▶ **TASK STATEMENT**
The answer should match the entries below word for word, minus their pictures.

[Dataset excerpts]
* * * *
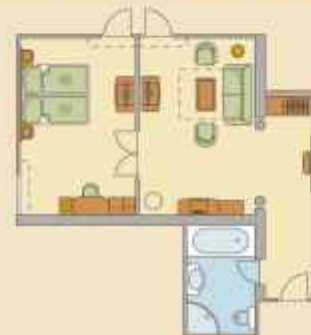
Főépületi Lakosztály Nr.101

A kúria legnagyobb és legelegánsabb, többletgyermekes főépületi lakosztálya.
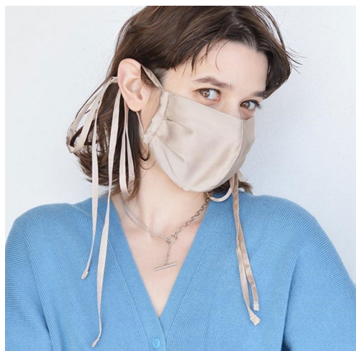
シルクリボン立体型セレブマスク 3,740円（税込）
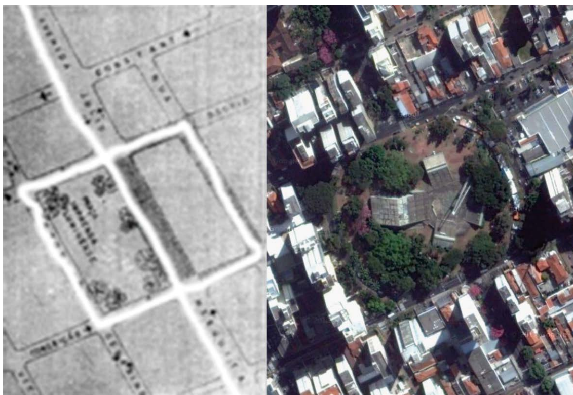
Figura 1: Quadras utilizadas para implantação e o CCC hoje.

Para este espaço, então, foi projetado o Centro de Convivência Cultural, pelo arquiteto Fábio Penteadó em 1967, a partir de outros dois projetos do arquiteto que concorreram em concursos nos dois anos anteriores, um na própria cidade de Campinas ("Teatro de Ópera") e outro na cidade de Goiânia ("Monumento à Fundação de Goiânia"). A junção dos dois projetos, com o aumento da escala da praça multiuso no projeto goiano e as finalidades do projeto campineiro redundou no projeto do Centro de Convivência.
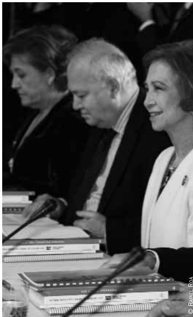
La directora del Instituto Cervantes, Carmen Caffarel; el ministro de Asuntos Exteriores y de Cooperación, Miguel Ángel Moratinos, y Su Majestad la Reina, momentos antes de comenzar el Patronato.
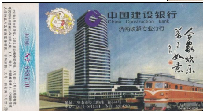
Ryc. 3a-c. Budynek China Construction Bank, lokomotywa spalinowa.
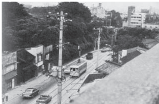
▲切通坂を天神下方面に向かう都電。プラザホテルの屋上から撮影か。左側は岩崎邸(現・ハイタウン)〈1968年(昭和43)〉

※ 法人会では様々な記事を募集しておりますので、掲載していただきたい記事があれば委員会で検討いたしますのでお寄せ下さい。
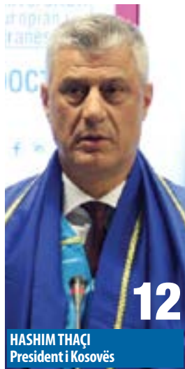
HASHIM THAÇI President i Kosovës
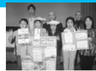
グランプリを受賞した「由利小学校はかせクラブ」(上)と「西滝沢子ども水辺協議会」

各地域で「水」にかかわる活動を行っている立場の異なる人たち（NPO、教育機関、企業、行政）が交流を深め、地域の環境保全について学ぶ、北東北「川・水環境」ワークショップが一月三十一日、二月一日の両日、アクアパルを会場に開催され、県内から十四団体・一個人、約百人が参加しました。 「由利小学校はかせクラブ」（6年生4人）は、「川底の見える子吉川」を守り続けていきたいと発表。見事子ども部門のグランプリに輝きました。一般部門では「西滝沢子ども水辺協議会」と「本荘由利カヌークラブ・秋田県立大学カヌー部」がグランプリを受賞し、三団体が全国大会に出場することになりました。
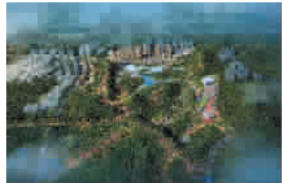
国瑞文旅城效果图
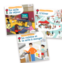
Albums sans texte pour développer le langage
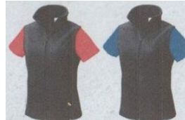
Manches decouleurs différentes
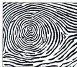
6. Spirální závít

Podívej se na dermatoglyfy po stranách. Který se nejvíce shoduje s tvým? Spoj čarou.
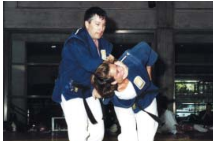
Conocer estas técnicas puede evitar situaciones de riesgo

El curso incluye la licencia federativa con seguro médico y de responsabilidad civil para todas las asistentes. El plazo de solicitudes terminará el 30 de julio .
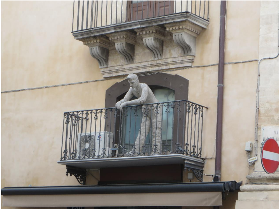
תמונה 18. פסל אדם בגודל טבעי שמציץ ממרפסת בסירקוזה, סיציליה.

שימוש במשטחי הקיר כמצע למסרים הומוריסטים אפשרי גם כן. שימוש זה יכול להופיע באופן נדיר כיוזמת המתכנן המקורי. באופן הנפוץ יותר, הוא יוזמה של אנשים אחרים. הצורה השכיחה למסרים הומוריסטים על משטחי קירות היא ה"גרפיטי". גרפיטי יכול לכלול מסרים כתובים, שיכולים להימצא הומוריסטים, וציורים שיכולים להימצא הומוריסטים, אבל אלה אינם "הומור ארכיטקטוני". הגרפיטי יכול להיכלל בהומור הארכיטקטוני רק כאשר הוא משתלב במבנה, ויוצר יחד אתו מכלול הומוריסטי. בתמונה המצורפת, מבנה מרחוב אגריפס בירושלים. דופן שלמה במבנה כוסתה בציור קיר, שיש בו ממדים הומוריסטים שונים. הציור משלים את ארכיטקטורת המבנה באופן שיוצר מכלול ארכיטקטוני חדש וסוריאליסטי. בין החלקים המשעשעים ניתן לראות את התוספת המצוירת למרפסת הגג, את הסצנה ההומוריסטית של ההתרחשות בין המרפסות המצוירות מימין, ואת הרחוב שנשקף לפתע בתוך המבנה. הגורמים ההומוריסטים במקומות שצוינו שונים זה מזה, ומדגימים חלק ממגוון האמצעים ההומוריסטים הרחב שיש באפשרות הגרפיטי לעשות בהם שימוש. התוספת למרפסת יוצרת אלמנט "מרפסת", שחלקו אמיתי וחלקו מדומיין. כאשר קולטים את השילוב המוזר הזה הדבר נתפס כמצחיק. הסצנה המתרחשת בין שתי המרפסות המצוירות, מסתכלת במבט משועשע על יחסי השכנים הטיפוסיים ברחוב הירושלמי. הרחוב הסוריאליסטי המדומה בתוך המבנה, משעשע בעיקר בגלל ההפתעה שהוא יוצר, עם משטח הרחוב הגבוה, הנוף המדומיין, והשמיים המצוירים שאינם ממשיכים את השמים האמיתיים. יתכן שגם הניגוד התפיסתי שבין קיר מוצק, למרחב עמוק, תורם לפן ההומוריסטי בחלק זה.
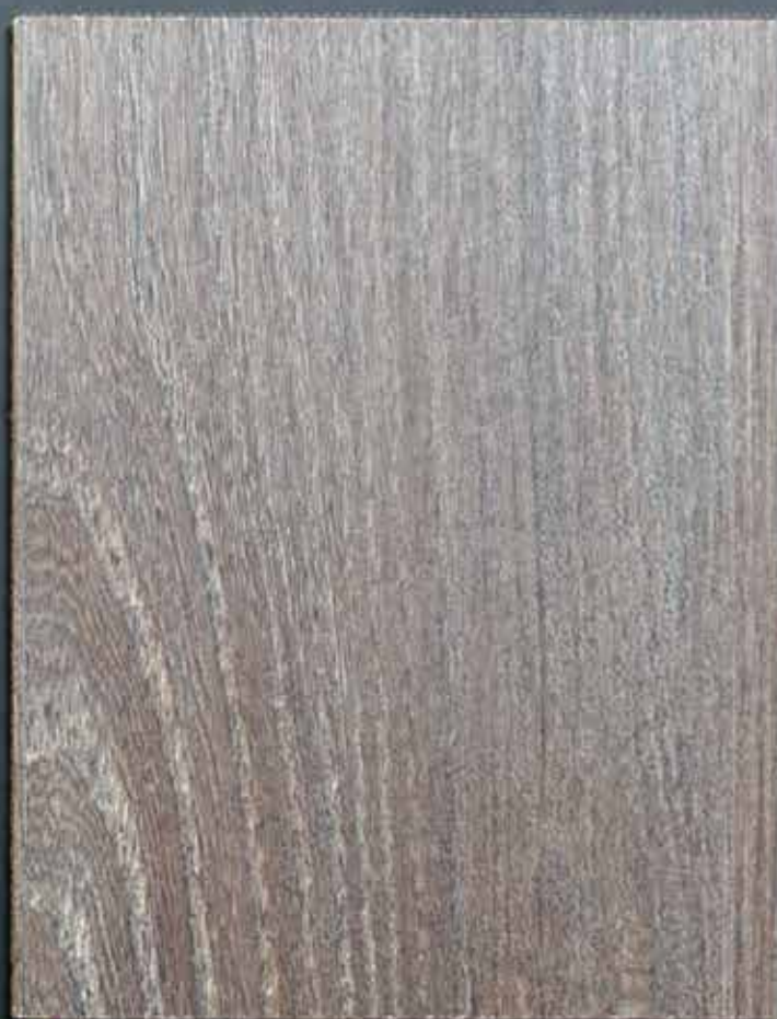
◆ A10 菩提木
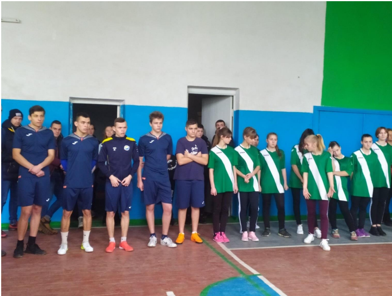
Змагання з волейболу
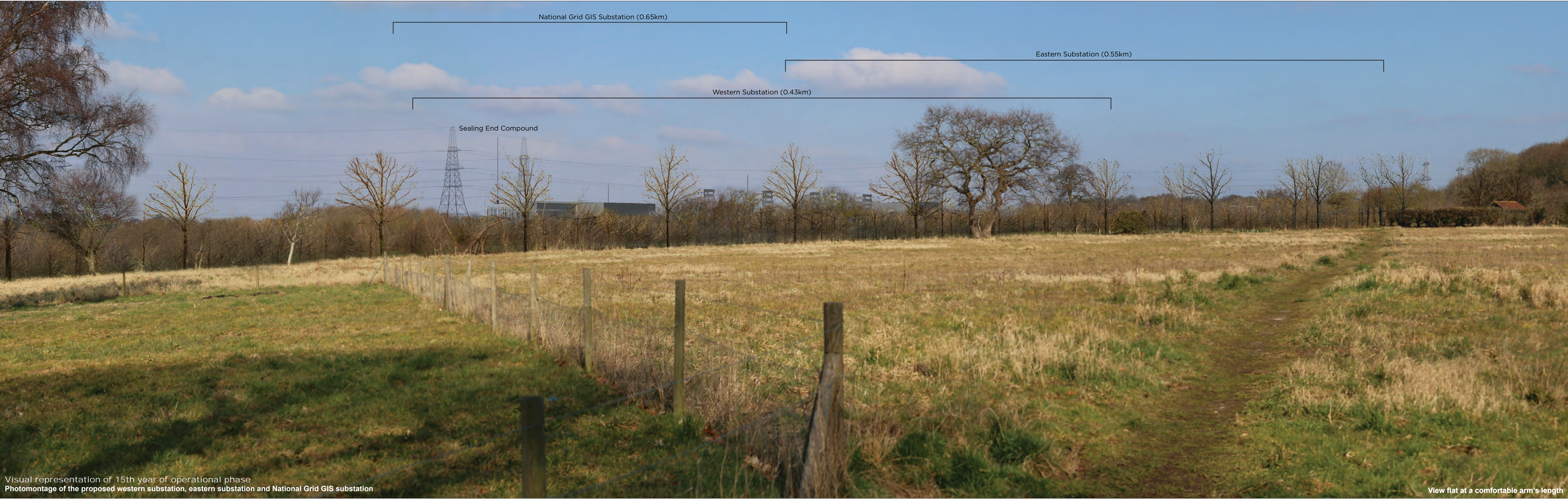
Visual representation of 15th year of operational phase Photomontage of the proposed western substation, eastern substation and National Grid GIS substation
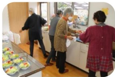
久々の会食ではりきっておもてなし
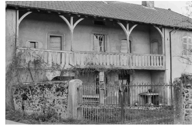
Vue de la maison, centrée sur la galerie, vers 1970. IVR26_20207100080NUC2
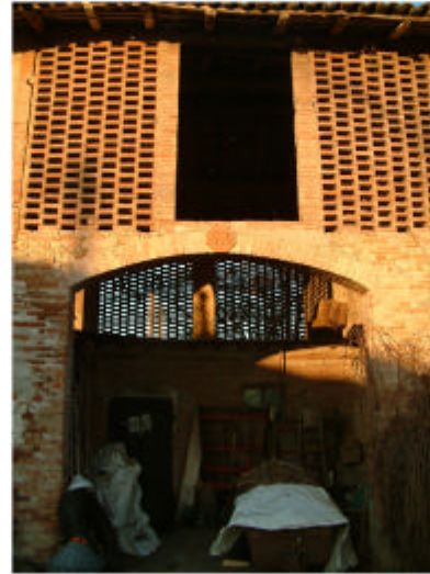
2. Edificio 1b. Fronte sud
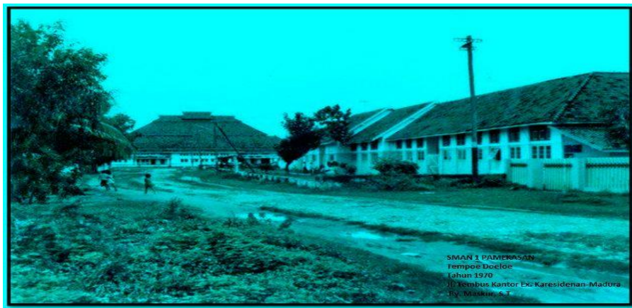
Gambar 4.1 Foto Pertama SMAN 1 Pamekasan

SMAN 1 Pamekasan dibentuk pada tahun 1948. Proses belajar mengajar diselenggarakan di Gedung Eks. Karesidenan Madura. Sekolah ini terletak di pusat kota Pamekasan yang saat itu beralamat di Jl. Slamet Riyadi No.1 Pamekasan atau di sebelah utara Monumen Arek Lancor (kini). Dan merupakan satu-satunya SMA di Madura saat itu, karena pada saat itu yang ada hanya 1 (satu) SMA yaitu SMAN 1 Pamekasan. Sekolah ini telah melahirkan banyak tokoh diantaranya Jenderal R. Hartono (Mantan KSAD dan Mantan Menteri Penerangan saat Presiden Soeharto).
* * * *
▶ **SOLUTION BELOW**
Főépületi Lakosztály Nr.101

A kúria legnagyobb és legelegánsabb, többletgyermekes főépületi lakosztálya.
シルクリボン立体型セレブマスク 3,740円（税込）
Figura 1: Quadras utilizadas para implantação e o CCC hoje.

Para este espaço, então, foi projetado o Centro de Convivência Cultural, pelo arquiteto Fábio Penteadó em 1967, a partir de outros dois projetos do arquiteto que concorreram em concursos nos dois anos anteriores, um na própria cidade de Campinas ("Teatro de Ópera") e outro na cidade de Goiânia ("Monumento à Fundação de Goiânia"). A junção dos dois projetos, com o aumento da escala da praça multiuso no projeto goiano e as finalidades do projeto campineiro redundou no projeto do Centro de Convivência.
La directora del Instituto Cervantes, Carmen Caffarel; el ministro de Asuntos Exteriores y de Cooperación, Miguel Ángel Moratinos, y Su Majestad la Reina, momentos antes de comenzar el Patronato.
Ryc. 3a-c. Budynek China Construction Bank, lokomotywa spalinowa.
▲切通坂を天神下方面に向かう都電。プラザホテルの屋上から撮影か。左側は岩崎邸(現・ハイタウン)〈1968年(昭和43)〉

※ 法人会では様々な記事を募集しておりますので、掲載していただきたい記事があれば委員会で検討いたしますのでお寄せ下さい。
HASHIM THAÇI President i Kosovës
グランプリを受賞した「由利小学校はかせクラブ」(上)と「西滝沢子ども水辺協議会」

各地域で「水」にかかわる活動を行っている立場の異なる人たち（NPO、教育機関、企業、行政）が交流を深め、地域の環境保全について学ぶ、北東北「川・水環境」ワークショップが一月三十一日、二月一日の両日、アクアパルを会場に開催され、県内から十四団体・一個人、約百人が参加しました。 「由利小学校はかせクラブ」（6年生4人）は、「川底の見える子吉川」を守り続けていきたいと発表。見事子ども部門のグランプリに輝きました。一般部門では「西滝沢子ども水辺協議会」と「本荘由利カヌークラブ・秋田県立大学カヌー部」がグランプリを受賞し、三団体が全国大会に出場することになりました。
国瑞文旅城效果图
Albums sans texte pour développer le langage
Manches decouleurs différentes
6. Spirální závít

Podívej se na dermatoglyfy po stranách. Který se nejvíce shoduje s tvým? Spoj čarou.
Conocer estas técnicas puede evitar situaciones de riesgo

El curso incluye la licencia federativa con seguro médico y de responsabilidad civil para todas las asistentes. El plazo de solicitudes terminará el 30 de julio .
תמונה 18. פסל אדם בגודל טבעי שמציץ ממרפסת בסירקוזה, סיציליה.

שימוש במשטחי הקיר כמצע למסרים הומוריסטים אפשרי גם כן. שימוש זה יכול להופיע באופן נדיר כיוזמת המתכנן המקורי. באופן הנפוץ יותר, הוא יוזמה של אנשים אחרים. הצורה השכיחה למסרים הומוריסטים על משטחי קירות היא ה"גרפיטי". גרפיטי יכול לכלול מסרים כתובים, שיכולים להימצא הומוריסטים, וציורים שיכולים להימצא הומוריסטים, אבל אלה אינם "הומור ארכיטקטוני". הגרפיטי יכול להיכלל בהומור הארכיטקטוני רק כאשר הוא משתלב במבנה, ויוצר יחד אתו מכלול הומוריסטי. בתמונה המצורפת, מבנה מרחוב אגריפס בירושלים. דופן שלמה במבנה כוסתה בציור קיר, שיש בו ממדים הומוריסטים שונים. הציור משלים את ארכיטקטורת המבנה באופן שיוצר מכלול ארכיטקטוני חדש וסוריאליסטי. בין החלקים המשעשעים ניתן לראות את התוספת המצוירת למרפסת הגג, את הסצנה ההומוריסטית של ההתרחשות בין המרפסות המצוירות מימין, ואת הרחוב שנשקף לפתע בתוך המבנה. הגורמים ההומוריסטים במקומות שצוינו שונים זה מזה, ומדגימים חלק ממגוון האמצעים ההומוריסטים הרחב שיש באפשרות הגרפיטי לעשות בהם שימוש. התוספת למרפסת יוצרת אלמנט "מרפסת", שחלקו אמיתי וחלקו מדומיין. כאשר קולטים את השילוב המוזר הזה הדבר נתפס כמצחיק. הסצנה המתרחשת בין שתי המרפסות המצוירות, מסתכלת במבט משועשע על יחסי השכנים הטיפוסיים ברחוב הירושלמי. הרחוב הסוריאליסטי המדומה בתוך המבנה, משעשע בעיקר בגלל ההפתעה שהוא יוצר, עם משטח הרחוב הגבוה, הנוף המדומיין, והשמיים המצוירים שאינם ממשיכים את השמים האמיתיים. יתכן שגם הניגוד התפיסתי שבין קיר מוצק, למרחב עמוק, תורם לפן ההומוריסטי בחלק זה.
◆ A10 菩提木
Змагання з волейболу
Visual representation of 15th year of operational phase Photomontage of the proposed western substation, eastern substation and National Grid GIS substation
久々の会食ではりきっておもてなし
Vue de la maison, centrée sur la galerie, vers 1970. IVR26_20207100080NUC2
2. Edificio 1b. Fronte sud
Gambar 4.1 Foto Pertama SMAN 1 Pamekasan

SMAN 1 Pamekasan dibentuk pada tahun 1948. Proses belajar mengajar diselenggarakan di Gedung Eks. Karesidenan Madura. Sekolah ini terletak di pusat kota Pamekasan yang saat itu beralamat di Jl. Slamet Riyadi No.1 Pamekasan atau di sebelah utara Monumen Arek Lancor (kini). Dan merupakan satu-satunya SMA di Madura saat itu, karena pada saat itu yang ada hanya 1 (satu) SMA yaitu SMAN 1 Pamekasan. Sekolah ini telah melahirkan banyak tokoh diantaranya Jenderal R. Hartono (Mantan KSAD dan Mantan Menteri Penerangan saat Presiden Soeharto).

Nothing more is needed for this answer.